- Born: Rozette Lopes-Dias September 19, 1921 Amsterdam, Netherlands
- Died: June 27, 2010 (aged 88) Shreveport, Louisiana, US
- Occupation(s): Holocaust activist, Seamstress
- Spouses: Moses Lezer (died in concentration camp); Louis Van Thyn (married 1946–2008, his death);
- Children: 2

= Rose Van Thyn =

Dutch Holocaust survivor

Rozette Lopes-Dias Van Thyn (September 19, 1921 – June 27, 2010), known as Rose Van Thyn, was a Holocaust survivor of the Auschwitz concentration camp during World War II in Poland. She became a naturalized United States citizen residing in Shreveport, Louisiana. In addition to raising a family and working as a professional seamstress, she was active for forty years as a Holocaust educator. She spoke to thousands of children in Shreveport and as an academic fellow to college students about her experiences during the Holocaust.

== Biography ==
Van Thyn was born in Amsterdam in 1921. She originally attended Free University of Amsterdam, until she had to quit and start working in a factory. She and her family were Jewish. In 1942, when the Nazis occupied Amsterdam, her sister and brother-in-law were taken by German soldiers and then her father and first husband. Finally, Van Thyn and her mother were taken to Auschwitz, where Van Thyn was assigned inmate number 62511. They were placed on railroad cattle cars with nearly one hundred other people for three days with the men separated from the women. At Auschwitz, she underwent medical experiments, all performed without sedatives. She was one of two medical-experiment victims of Carl Clauberg's sterilization experiment who was interviewed in 2005 about the program. She lived in Block 10 of Auschwitz for two years. Later she was dispatched to Ravensbrueck and survived a "death march" at the end of the war. She was liberated by American soldiers on April 26, 1945.

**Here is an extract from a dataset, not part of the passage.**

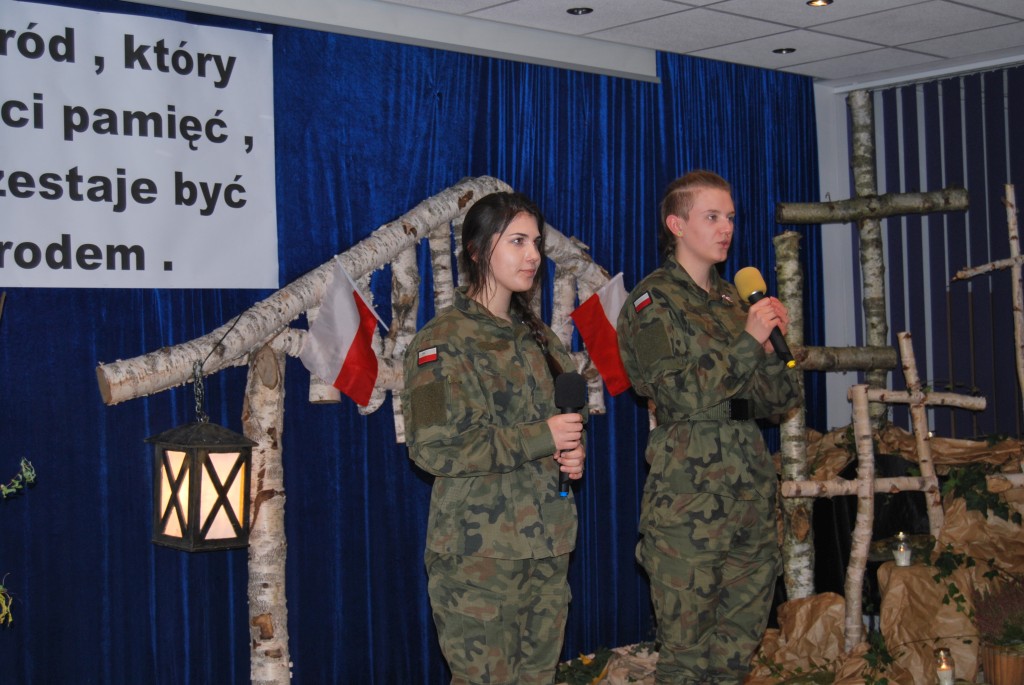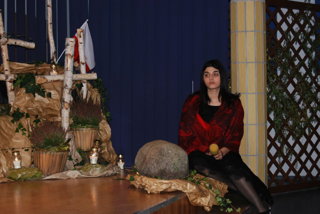 Akademia odbyła się w pięknej scenerii wykonanej z pomocą jednego z rodziców - p. Weroniki Ozgi-Zajło. Występ młodzieży był wzruszający. Na wielu twarzach widoczna była zaduma.

Upon liberation Van Thyn discovered that both parents, a sister, and her husband, Mozes Lezer, were killed in the death camps. After she returned to the Netherlands, she met fellow survivor Louis Van Thyn, whose first wife was murdered in the Holocaust. Rose and Louis married in Amsterdam in 1946. The Van Thyns had a son and a daughter. The Van Thyns' 1956 immigration to the United States was sponsored by the Shreveport Jewish Federation and the family of Abe Gilbert. Van Thyn became a United States citizen in 1961.

A homemaker and professional seamstress, she was also active as a Holocaust educator for over three decades, wanting to tell her story to the world. She related her life story to civic groups, churches, and schools throughout northern Louisiana. She also spoke as an Attaway Fellow in Civic Culture to Centenary College students. During the 1990 election for a United States Senator from Louisiana she criticized Republican candidate David Duke who was then a State Representative and also a former Grand Wizard of the Ku Klux Klan, comparing him to Adolf Hitler.

In 2002, she was awarded an honorary Doctor of Humane Letters at Centenary's 2002 commencement exercises. In 2003, Louis and Rose Van Thyn were recognized for their civic support by the National Conference for Community and Justice, formerly known as the National Conference of Christians and Jews. She also received the Liberty Bell Award from the Shreveport Bar Association.

In 2008, her husband, Louis, died. Van Thyn died on June 27, 2010, at age 88. Shreveport mayor Cedric Glover expressed sorrow on Van Thyn's death: "It is a tremendous loss not just to Shreveport but to the entire world to know that someone who possessed the knowledge and experience and the history that she lived has now passed on."

In 2016, her son, Nico Van Thyn, released an independently published book about his parents' experience, titled Survivors: 62511, 70726: Two Holocaust stories, from Amsterdam to Auschwitz to America.

==Death and legacy==
Centenary College has a Van Thyn Endowed Professorship Chair. Centenary College holds an Annual Rose and Louis Van Thyn Holocaust Lecture Series. An oral history interview with Van Thyn is on file at the United States Holocaust Memorial Museum. Other recordings of some of her speeches are archived by Louisiana State University Shreveport.